1. Auto transporters are not licensed to transport any household goods
This is kind of rule #1. It’s kind of a big rule, too. See, long-haul commercial drivers have to be licensed in several ways. For starters, they have to be licensed commercially and have a CDL in order to actually drive their truck. Then, whatever company they’re hauling for (even if they own the truck outright) has to be licensed to transport goods in a specific sector (i.e. meats, dairy products, live poultry, cars, etc), and they need a license from every sector they transport goods within. Auto transporters haul cars, not beds, and can get in serious trouble if they are caught hauling things they aren’t licensed to haul (note: some carriers allow light household items in the trunk of vehicles, so long as they stay under a certain weight limit. This is because they are not allowed to go into the trunk of your vehicle without permission).

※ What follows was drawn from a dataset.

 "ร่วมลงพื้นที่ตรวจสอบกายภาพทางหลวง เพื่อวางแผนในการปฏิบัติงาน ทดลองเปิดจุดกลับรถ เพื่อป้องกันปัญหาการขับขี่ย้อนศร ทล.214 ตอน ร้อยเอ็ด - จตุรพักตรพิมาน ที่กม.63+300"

2. Weight limits are a big deal for auto transportation companies
Every commercial industry has weight limits – it’s a government thing. Let’s look at bridges: each bridge, no matter what it is, has a max weight capacity. With so many cars and trucks zooming across the bridge every day, engineers have to make sure that even during the worst traffic jam with the heaviest loads possible on the bridge that it still won’t collapse. Complex calculations go into this; I’m not a bridge engineer, so I don’t know the details, but at the end of the day weight limits play a big role in why auto transporters don’t haul household goods. Cars are heavy enough; additional weight such as heavy items in a car, or a packed car of stuff, or even an empty car with a full tank of gas can theoretically push them over the weight limit, especially if everyone’s car has a ton of extra weight on it. If a carrier is overweight at a weigh station, workers will go car-to-car on that load to find the extra weight…and then unceremoniously dump it on the side of the weigh station, and may or may not call you to come pick your stuff up. Don’t say we didn’t warn you.

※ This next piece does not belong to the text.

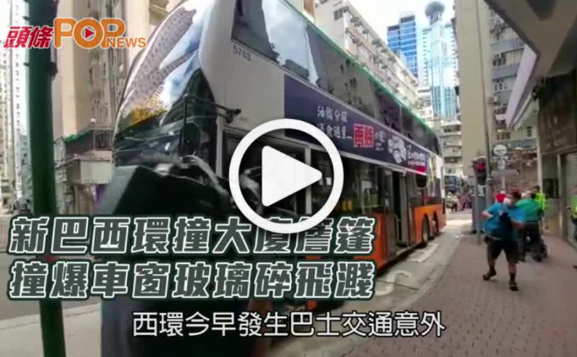 新巴西環撞大廈簷篷 撞爆車窗玻璃碎飛濺

3. They can be pretty dangerous during transport.
Items in the trunk of a vehicle pose little danger; they are stuck in between the metal frame in a closed, compact container. Items in the cab of a vehicle – i.e. the front and/or back seats – are limited only by how well they are secured and how much space they have to wreck. This isn’t a for-sure guarantee, but better safe than sorry: items in a car can shift during transport, which means that something could theoretically do some serious damage to your vehicle. Obviously it’s a worst-case scenario, but carriers have enough to worry about, liability-wise, and it’s easier for them to simply put a blanket ban on any items in the vehicle during transport. Many carriers will wait until you clean/unload your vehicle (and yes, trash counts as “items,” so make sure your car is clean on the inside), but they may charge you for the extra time.

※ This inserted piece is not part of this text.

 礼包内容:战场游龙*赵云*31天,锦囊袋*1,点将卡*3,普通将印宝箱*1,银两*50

These are some of the main reasons why auto transport companies don’t allow household items, or any items for that matter, in the vehicle during transport. Not all auto transporters adhere to these rules, of course; some say screw it, put whatever you want in there, so long as they can load and unload the vehicle. Others are quite strict, and make you clean out everything including items in your trunk. It all depends on who you get, but any broker will tell you no items in the vehicle and also explain to you the junk in the trunk clause, and you’ll be able to ask them questions in order to properly prepare yourself for when the carrier arrives to pick your vehicle up. If you’re still in the market for auto transport quotes, you can fill out our free online quote request form and get multiple free quotes e-mailed to you within about an hour. For questions or concerns, you can call us toll-free at 800-930-7417 to speak to a live agent about all things auto transport.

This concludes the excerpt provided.